Fantasy is my drug. The world today is so grey and sad, and fantasy is the only thing that makes me see something different and good. It can also make people more optimistic.
How could the world have evolved without fantasy? How could scientists and researchers have discovered new things without having first imagined them? People often think that photography should be related to reality, and like reality it should be as close as possible to perfection. This is not my idea of photography. I believe that photography is more than technique, it is more than having an expensive equipment. I am deeply convinced that photography (the way it means to me) is not the camera, it is the eye that stands behind the camera. My aim is to portray every single glance of the human soul and encourage people to dream and never stop believing in dreams.
I’m often asked the reason why most of my works are self-portraits. I believe that “normal” photography is about portraying an object or a subject so that it looks in harmony with the surrounding environment, this means that even though the subject of the photo is a person he/she will be treated by the photographer as an object. Self-portraiture on the other hand let the photographer keep control of his/her own representation.

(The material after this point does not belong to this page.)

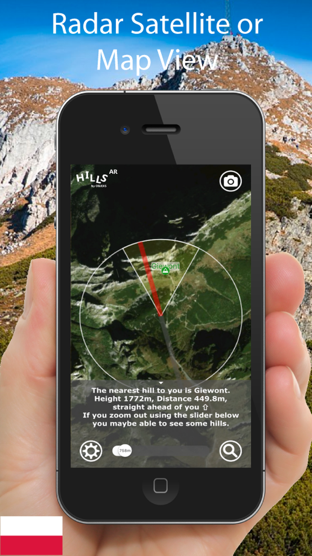 Poland Polska Hills AR is an Augmented Reality Viewer for finding hills around you on you cameras screen.
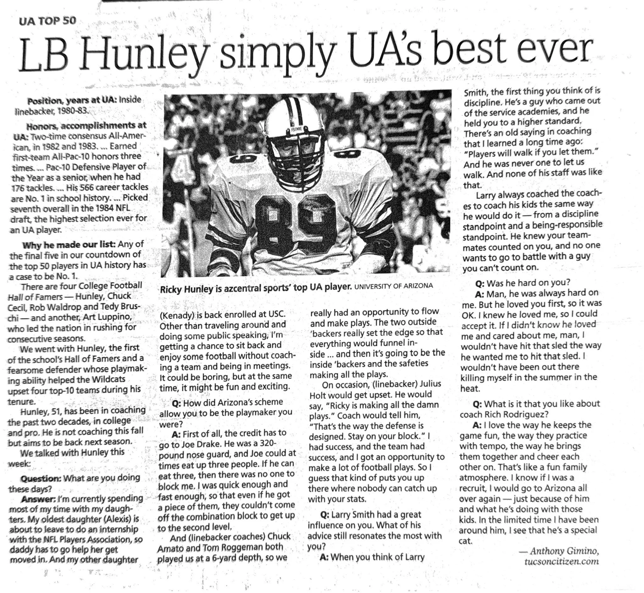 Ricky Cardell Hunley is a College Football Hall of Famer, NFL veteran, and respected coach whose influence reaches far beyond the field. Born in Petersburg, Virginia, he became the first University of Arizona Wildcat to earn consensus All-American honors twice, setting the foundation for a seven-season NFL career and a lifetime dedicated to leadership and service. Today, Ricky mentors student athletes, supports community programs, and plays a vital role in shaping the culture of Arizona football.

Shooting a self-portrait is a provocative experience because it allows you to look at yourself through the eyes of others. To take a self-portrait (at least in my case) has nothing to do with being selfish or seek attention. You are in charge of the camera, you are in charge of yourself as a model and it is the best way to convey the message you have in your mind without having it to pass through the filter of others’ minds.
Moreover it is a very useful experience to know better your inner being and become more self-confident.
Being aware of what you are is the most difficult thing to achieve.
A self-portrait is truly an artist’s representation of self.
The most difficult thing is giving an explanation to what I create. Sometimes I have a clear image in my mind and I also link a meaning to that image, sometimes it’s like an uncontrollable impulse that makes me take my camera and shoot and only then figure out what I have done. In those cases it is very difficult to get to a conclusion, to a message and so to a title.
I don’t have a specific technique, I always shoot and edit following my instinct. Sometimes inspiration comes from a book, a philosophical concept, a discourse I had with someone and sometimes it comes from dreams. Every piece of mine has a story behind it. The creation of an image takes a very long mental process: I develop the story first in my mind and then transfer that idea in reality through photography, finally I edit it in Photoshop. I know an image is finished when I see it in the same way I saw it in my mind. As concerns the post-production part, in general my basic moves are adding surreal elements, adjusting levels and curves, desaturating and coloring and adding a lot of gradient maps until I get the look I want. I behave as a painter, adding lights and shadows manually to the image, sometimes I physically paint over the image to get the painterly look.
About Chiara Fersini
My name is Chiara Fersini but I am also known as Himitsuhana. I started research in photography in 2007 after a study journey in Japan. Before that moment I considered photography just as a useful tool to document events but I never gave to a photograph an artistic importance. Then I found out that photography could be much more than a simple snapshot of reality. The discovery of great digital artists made me want to try experiment myself, made me improve steadily my skills and I began to think I could develop a personal style as well as to show the intricate world that I’ve always felt inside. My favorite field of research is the Surreal Photography.
My interest for Surrealism’s techniques and concepts meets another element which is a leitmotiv in my work: the painterly style. Before starting experimenting with photography I was a painter. So as painting has been my first love I have tried to keep it in my photos. I actually behave as a painter even when I am shooting and editing a photo in Photoshop. I look at lights and shadows and colors as if I were to paint them and that is why this painterly style is a sort of natural thing for me to achieve. Another factor that helped me a lot in developing this style is my deep love for old master painters. In particular I look at The Pre-Raphaelites group and Caravaggio.